● REQUIRED WORK
Exactly the lines below starting at the line with "Fototapeta premium Lake" and ending at the line with "The green olive" are wanted, with both ends included. Leave out the pictures and add no other lines.

● GIVEN INFORMATION
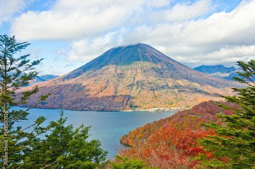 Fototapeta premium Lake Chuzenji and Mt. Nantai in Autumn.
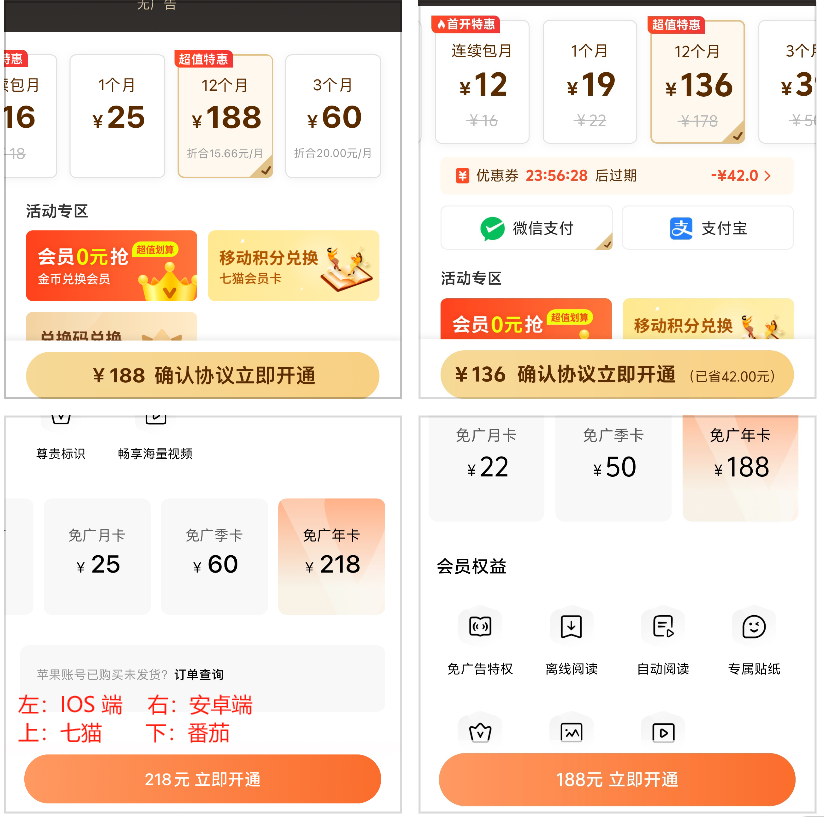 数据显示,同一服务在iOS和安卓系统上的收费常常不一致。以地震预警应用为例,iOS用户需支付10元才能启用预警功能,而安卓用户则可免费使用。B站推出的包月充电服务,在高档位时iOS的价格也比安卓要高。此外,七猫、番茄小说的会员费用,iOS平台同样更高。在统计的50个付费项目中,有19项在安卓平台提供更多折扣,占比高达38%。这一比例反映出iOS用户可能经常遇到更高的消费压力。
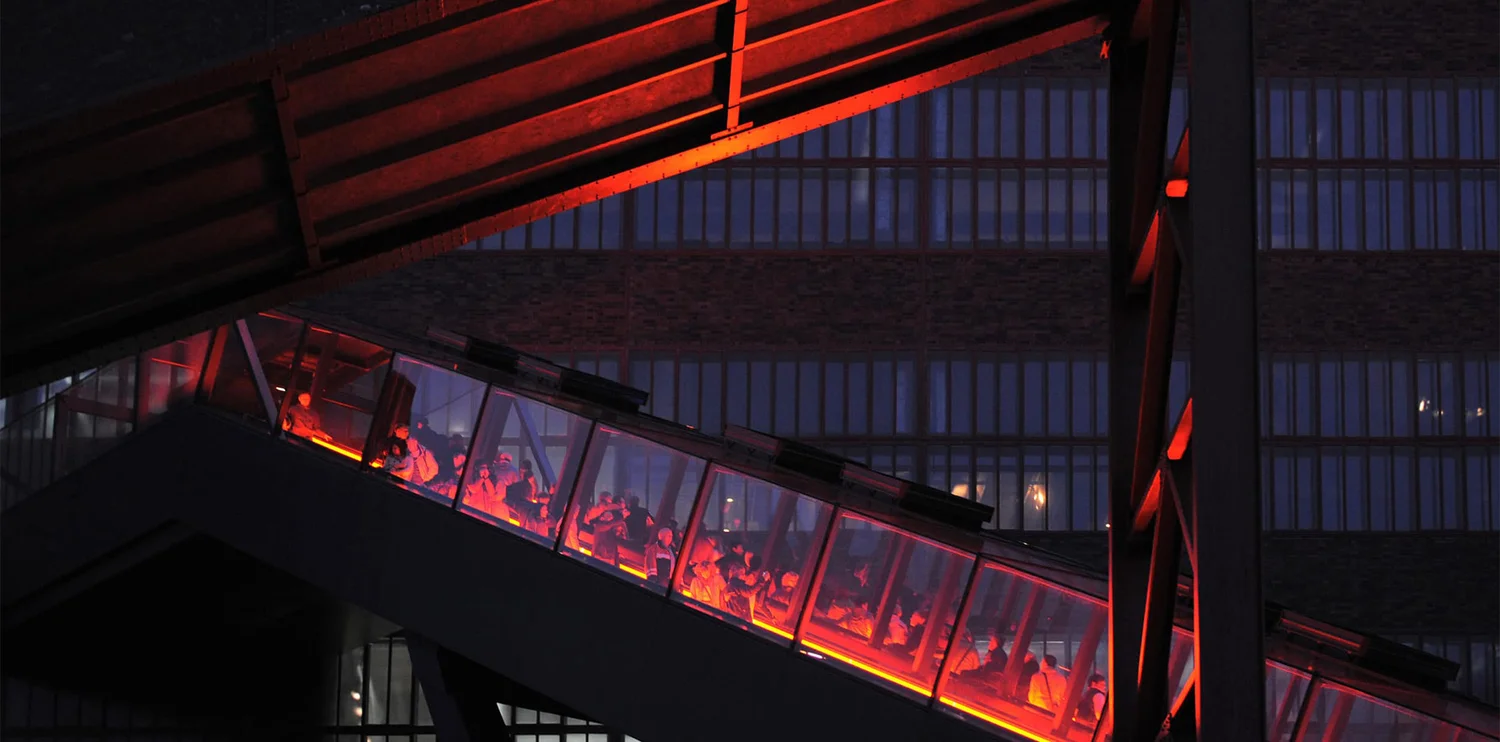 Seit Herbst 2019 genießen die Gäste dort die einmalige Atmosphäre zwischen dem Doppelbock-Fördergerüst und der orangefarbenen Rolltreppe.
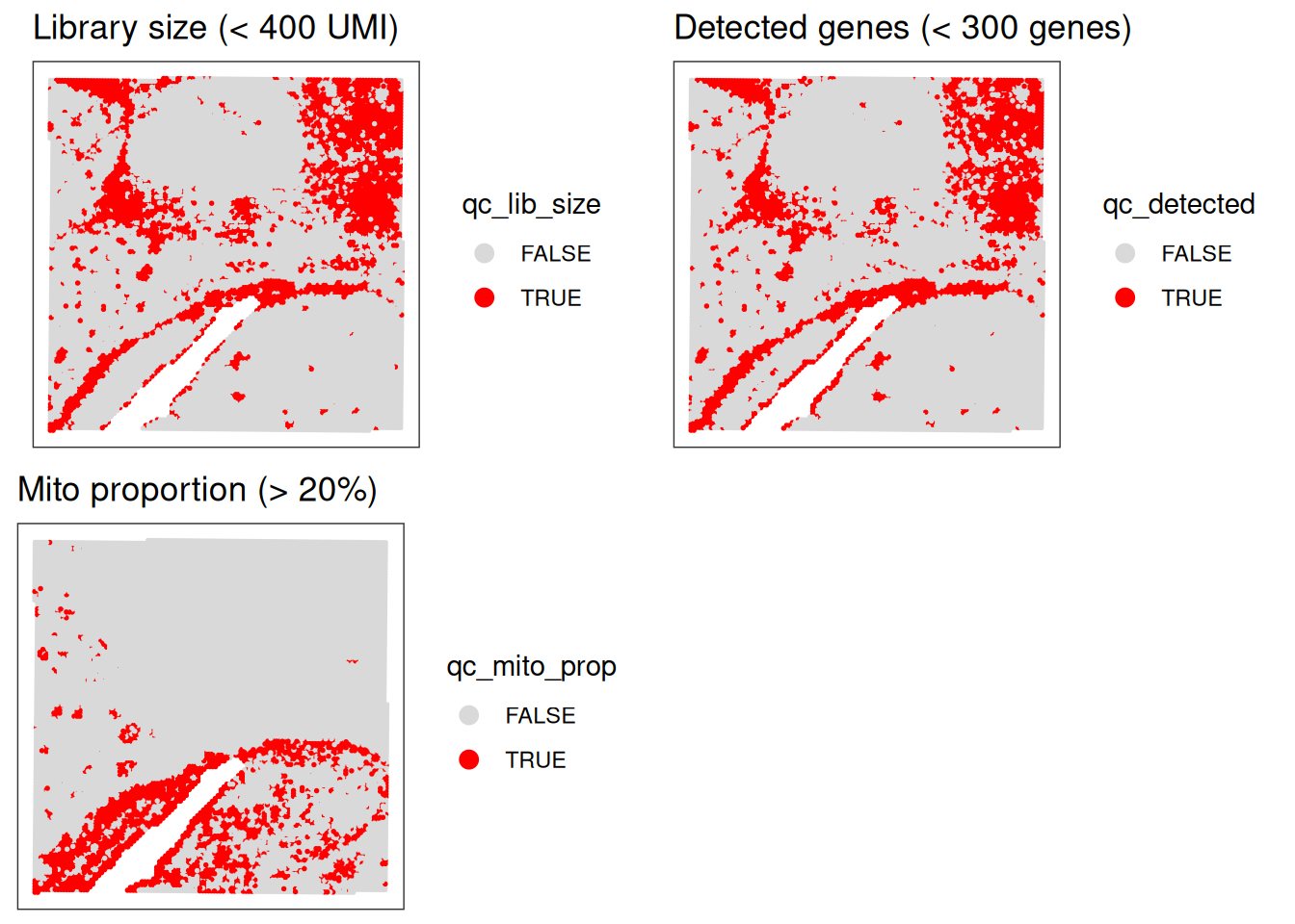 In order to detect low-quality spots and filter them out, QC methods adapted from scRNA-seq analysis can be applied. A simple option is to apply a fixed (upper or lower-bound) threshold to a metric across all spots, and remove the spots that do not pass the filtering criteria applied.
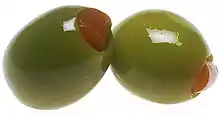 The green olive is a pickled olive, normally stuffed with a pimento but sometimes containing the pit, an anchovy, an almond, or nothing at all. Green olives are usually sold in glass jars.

--

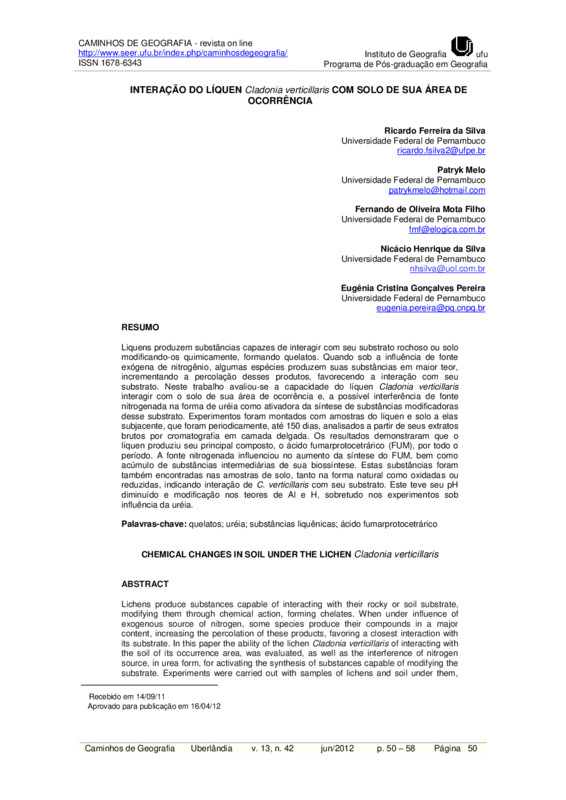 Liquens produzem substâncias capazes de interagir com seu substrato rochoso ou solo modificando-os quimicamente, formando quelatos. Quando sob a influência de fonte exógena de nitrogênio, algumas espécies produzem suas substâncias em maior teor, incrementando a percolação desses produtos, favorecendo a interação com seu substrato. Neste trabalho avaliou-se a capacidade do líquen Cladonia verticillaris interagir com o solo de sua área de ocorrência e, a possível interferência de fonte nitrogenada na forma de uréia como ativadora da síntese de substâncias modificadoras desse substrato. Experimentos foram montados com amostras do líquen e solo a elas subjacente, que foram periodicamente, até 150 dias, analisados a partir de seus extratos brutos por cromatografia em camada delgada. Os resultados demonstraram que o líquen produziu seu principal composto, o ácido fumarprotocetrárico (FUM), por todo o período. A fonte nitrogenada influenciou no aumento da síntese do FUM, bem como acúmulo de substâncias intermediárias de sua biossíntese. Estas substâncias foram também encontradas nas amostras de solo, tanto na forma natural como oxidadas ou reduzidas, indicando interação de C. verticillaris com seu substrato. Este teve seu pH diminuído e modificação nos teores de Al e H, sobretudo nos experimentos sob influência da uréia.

● FINISHED TASK
 Fototapeta premium Lake Chuzenji and Mt. Nantai in Autumn.
 数据显示,同一服务在iOS和安卓系统上的收费常常不一致。以地震预警应用为例,iOS用户需支付10元才能启用预警功能,而安卓用户则可免费使用。B站推出的包月充电服务,在高档位时iOS的价格也比安卓要高。此外,七猫、番茄小说的会员费用,iOS平台同样更高。在统计的50个付费项目中,有19项在安卓平台提供更多折扣,占比高达38%。这一比例反映出iOS用户可能经常遇到更高的消费压力。
 Seit Herbst 2019 genießen die Gäste dort die einmalige Atmosphäre zwischen dem Doppelbock-Fördergerüst und der orangefarbenen Rolltreppe.
 In order to detect low-quality spots and filter them out, QC methods adapted from scRNA-seq analysis can be applied. A simple option is to apply a fixed (upper or lower-bound) threshold to a metric across all spots, and remove the spots that do not pass the filtering criteria applied.
 The green olive is a pickled olive, normally stuffed with a pimento but sometimes containing the pit, an anchovy, an almond, or nothing at all. Green olives are usually sold in glass jars.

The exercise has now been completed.